When reflecting on his career, President Harry S Truman proudly described himself as a politician, reputedly claiming that politics "is the art of the possible." It should be added that throughout Truman's public service, his personal integrity was impeccable. Brandon and Seldman make two obvious but important points: Like it or not, politics are inevitable when two or more -- and especially when three or more -- people are involved, and, it is nonetheless possible to be (as was Truman) an effective politician without compromising one's integrity.
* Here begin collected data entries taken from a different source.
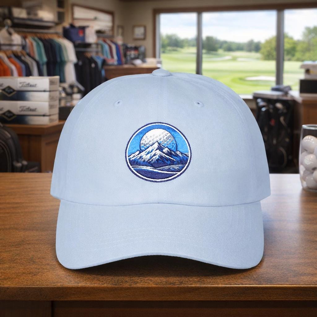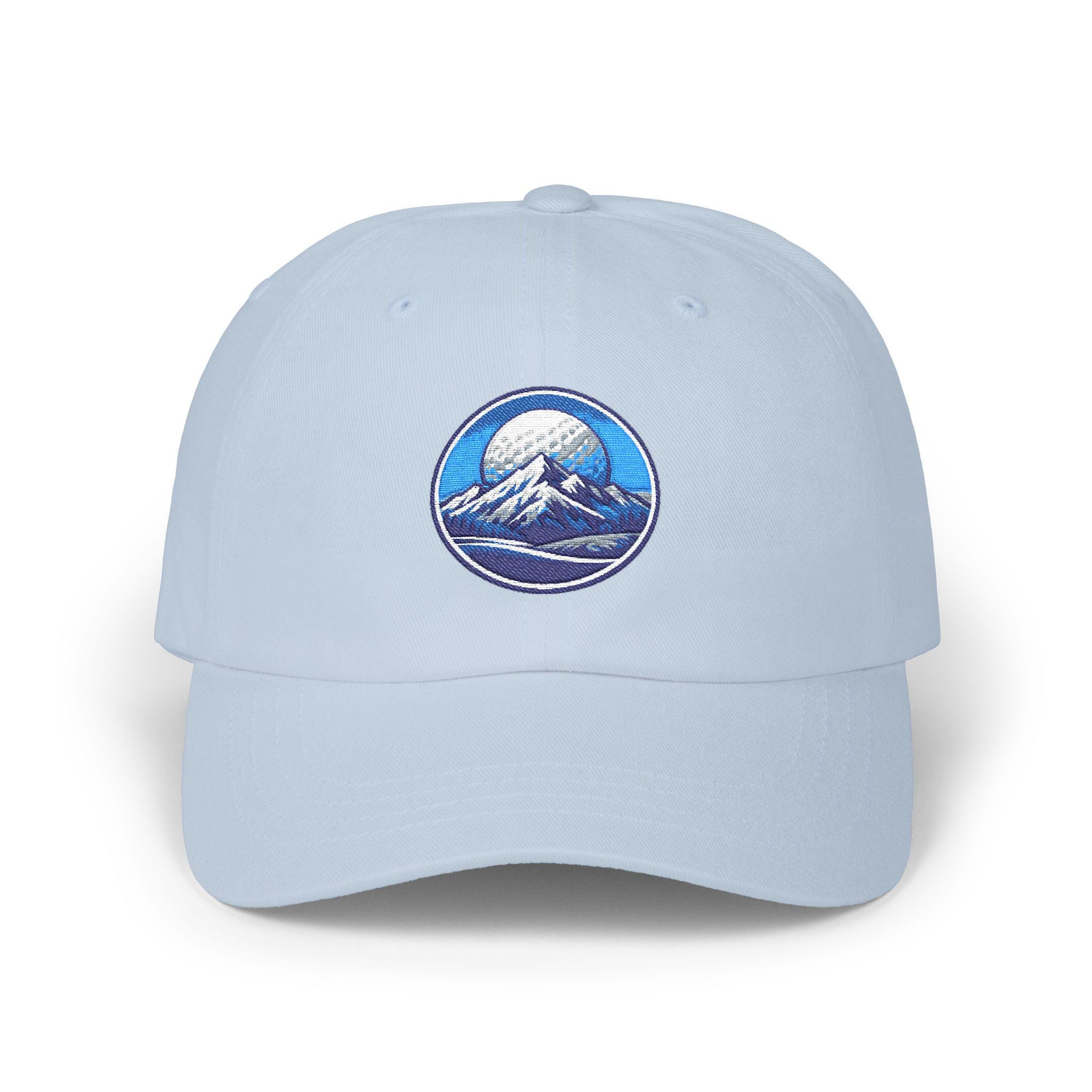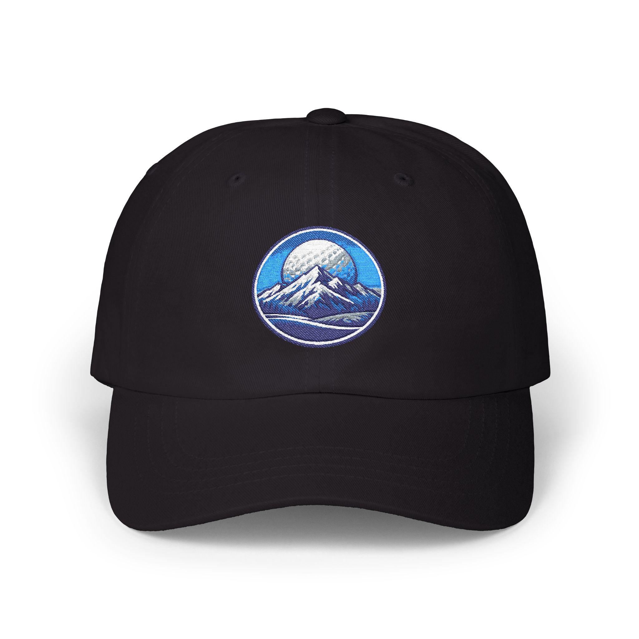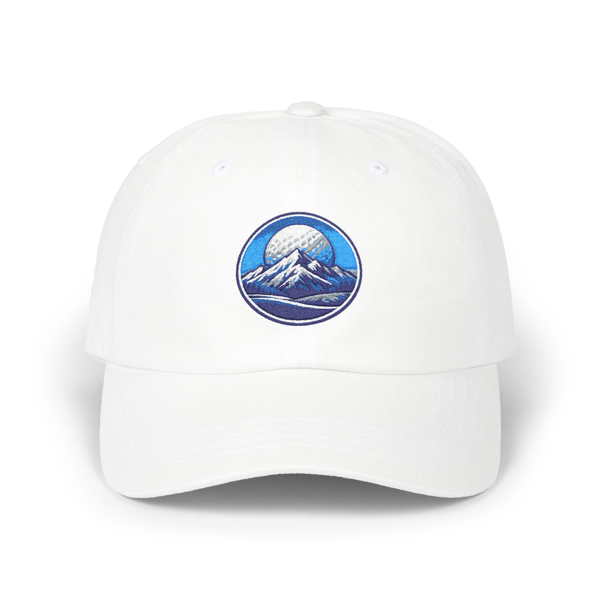 A worn-in cap for early tee times and frosty fairways. The design shows a golf ball cresting above a snow-capped peak — a quiet salute to golfers who chase rounds through misty pines and icy greens in the Pacific Northwest. Lightweight and low-profile, it settles easily over a beanie or bare head and keeps sun and sleet out of your eyes with a precurved visor whose underside matches the top for a clean, cohesive look. The adjustable hideaway strap with antique-brass hardware lets you dial in a secure fit after a long walk to the first tee. Bring this cap along to dawn starts, après-round coffee stops, or when you just want something that reads outdoorsy and lived-in.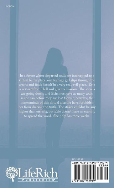 In a future where departed souls are intercepted to a virtual better place, one teenage girl slips through the cracks and finds herself in a very real, evil place. Evie is rescued from Hell and given a mission. The servers are going down, and Evie must save as many souls as she can before they are lost forever; however, the masterminds of this virtual afterlife have forbidden her from sharing the truth. The stakes couldn't be any higher than eternity, but Evie doesn't have an eternity to spread the word. She only has three weeks.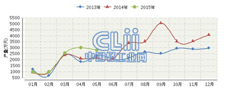 2015年1月~5月,江西荧光灯行业累计完成产量11,626.50万只,同比增长32.49%。其中:1月份完成产量1001.45万只,同比增长4.15%;2月份完成产量1001.45万只,同比增长4.14%;3月份完成产量2571万只,同比增长6.96%;4月份完成产量3021.6万只,同比增长42.71%;5月份完成产量2809.2万只,同比增长16.54%。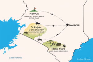 Day Itinerary After an American breakfast, transfer to Nanyuki Airstrip for your flight QP 031 departing at 0915 hrs to arrive at the world-famous Masai Mara Game Reserve via the Great Rift Valley at approximately 1100 hrs. On arrival at the Olare Orok airstrip, transfer to your camp in time for lunch and check-in. In the afternoon, enjoy an enthralling game-viewing drive inside the conservancy. Spotting lions, cheetahs, and other spectacular predators is the highlight of your day. Later return to the Camp for dinner and overnight at Mara Olare Kempinski Luxury Tented Lodge – Inclusive – Standard Tents. Basis Full Board Plus – Dinner, Bed, Breakfast, Lunch, and Activities

In fact, as Jim O'Toole asserts in The Executive's Compass: Business and the Good Society as does David Maister in Practice What You Preach: What Managers Must Do to Create a High Achievement Culture, those whose lives are guided and informed by admirable values (e.g. honesty, loyalty, decency, trustworthiness) will achieve much greater success than will those whose lives aren't. Therefore, the "savvy" executive is one who combines high principles with street smarts. No news there.
What gives substantial value to this book is Brandon and Seldman's clever use of various devices with which their reader can conduct a self-audit. Long ago, after a substantial increase of tuition at Harvard, hostile parents confronted then president Derek Bok. His response: "If you think education is expensive, try ignorance." I thought of that comment as I examined the various self-diagnostic elements in this book. Two of the most damaging forms of ignorance are (a) not knowing what you need to know and (b) assuming what you think you know...but don't. To their credit, Brandon and Seldman make a rigorous effort to help their reader to reduce (if not eliminate) both forms of ignorance. Politicking, gossip, self-serving motives, back-stabbing, betrayals of confidence, etc. are harsh realities in almost any organization. Brandon and Seldman can help principled people to cope effectively with those realities. To me, that is this book's greatest benefit. Also, I strongly recommend that readers complete the comprehensive, self-scoring assessment tool and interpretative guide which Brandon and Seldman offer. How to obtain one? The authors explain on page 277.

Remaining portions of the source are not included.